▶ **Data shown**:
++++++

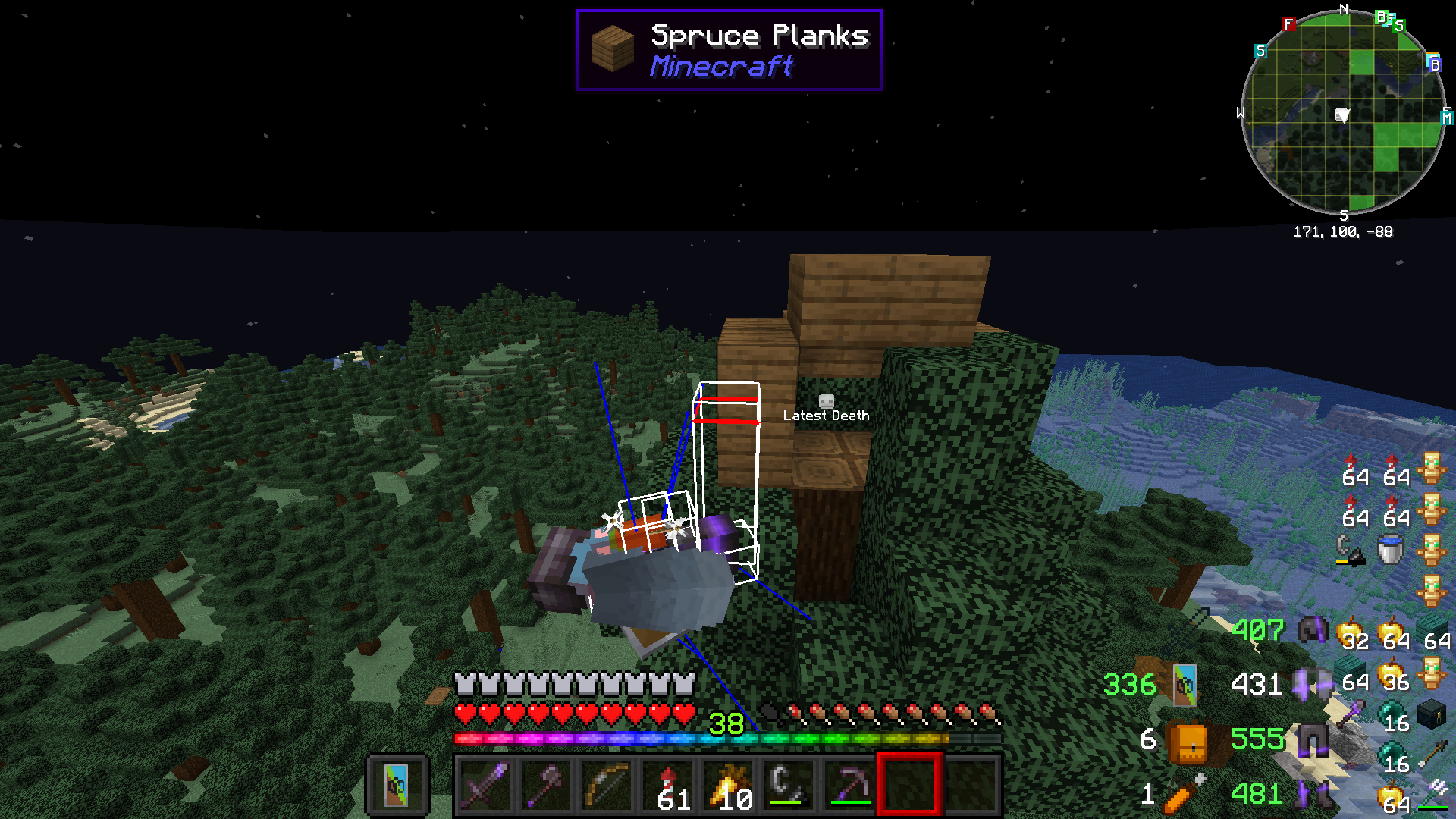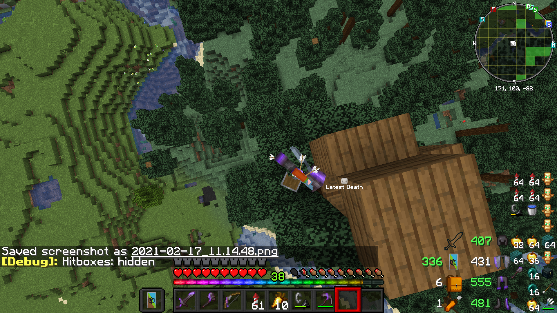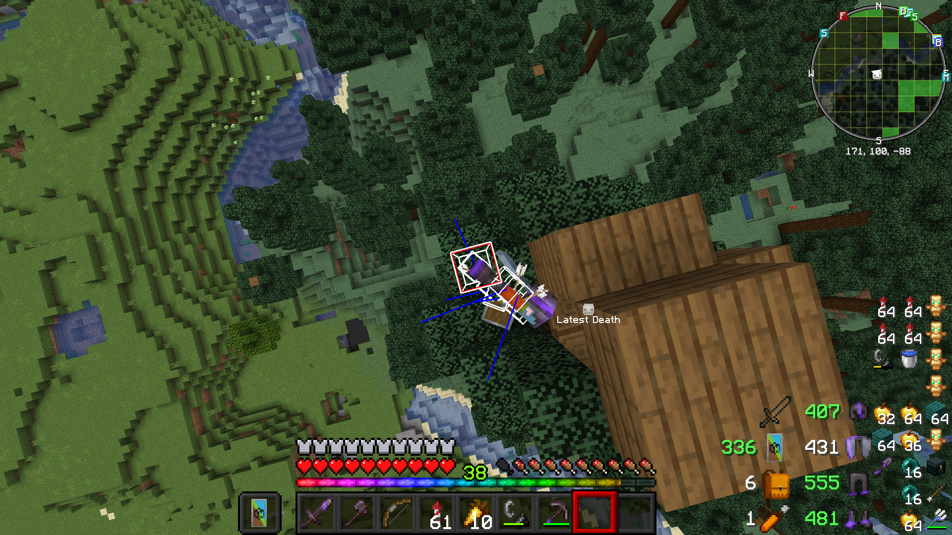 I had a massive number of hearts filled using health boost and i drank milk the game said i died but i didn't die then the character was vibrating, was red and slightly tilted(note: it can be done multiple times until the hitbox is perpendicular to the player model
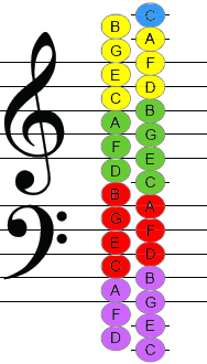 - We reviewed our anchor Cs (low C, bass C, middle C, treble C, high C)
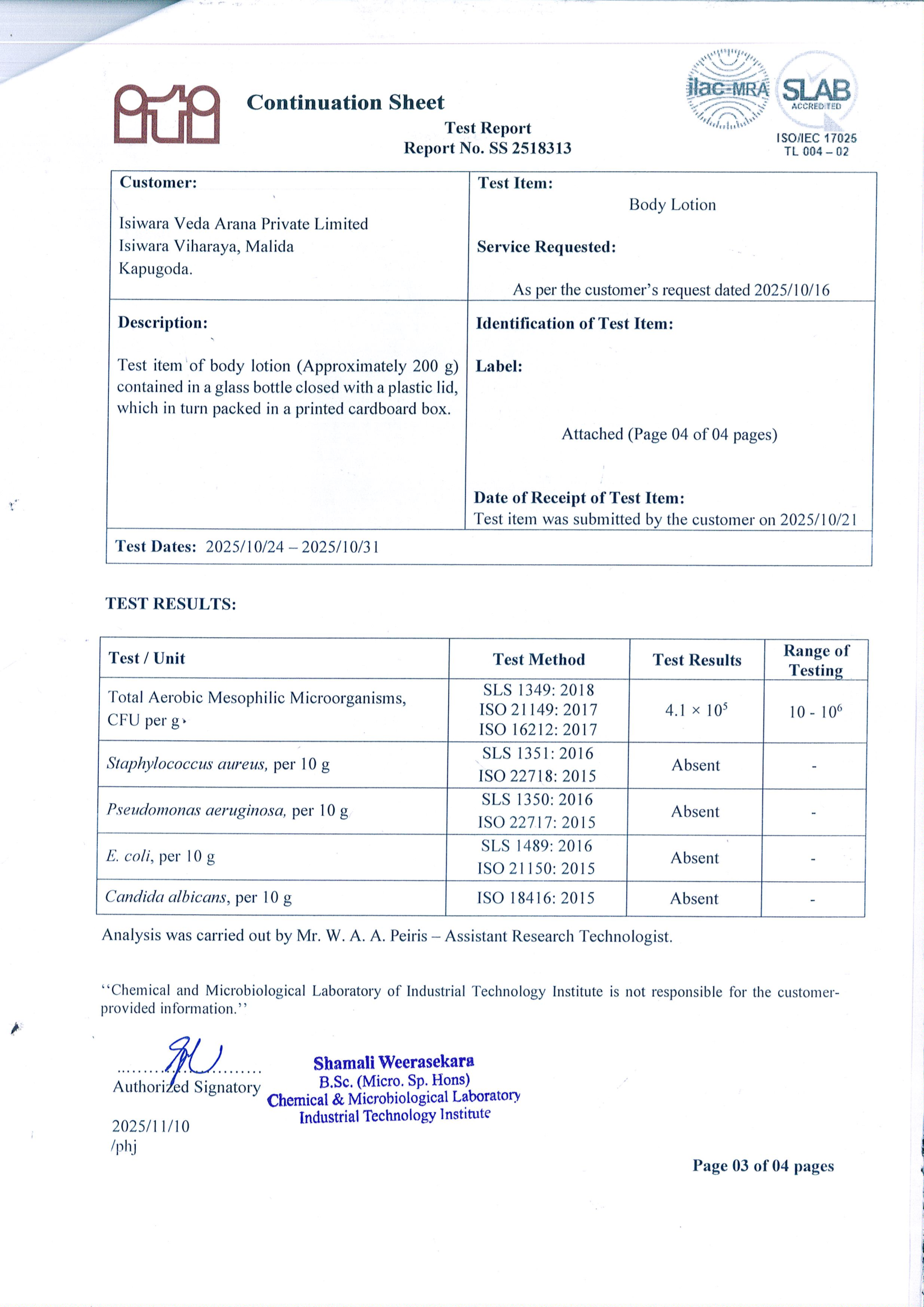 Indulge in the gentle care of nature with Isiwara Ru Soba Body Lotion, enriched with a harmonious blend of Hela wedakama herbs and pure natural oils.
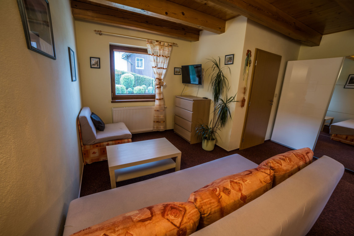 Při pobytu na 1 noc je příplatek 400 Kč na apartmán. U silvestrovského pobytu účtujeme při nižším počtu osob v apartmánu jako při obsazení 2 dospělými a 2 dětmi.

++++++

▶ **About this task**: Leaving the pictures aside, copy exactly and only the lines from the one holding "- We reviewed" through the final line of the data, both ends kept.

▶ **Finished exercise**:
 - We reviewed our anchor Cs (low C, bass C, middle C, treble C, high C)
 Indulge in the gentle care of nature with Isiwara Ru Soba Body Lotion, enriched with a harmonious blend of Hela wedakama herbs and pure natural oils.
 Při pobytu na 1 noc je příplatek 400 Kč na apartmán. U silvestrovského pobytu účtujeme při nižším počtu osob v apartmánu jako při obsazení 2 dospělými a 2 dětmi.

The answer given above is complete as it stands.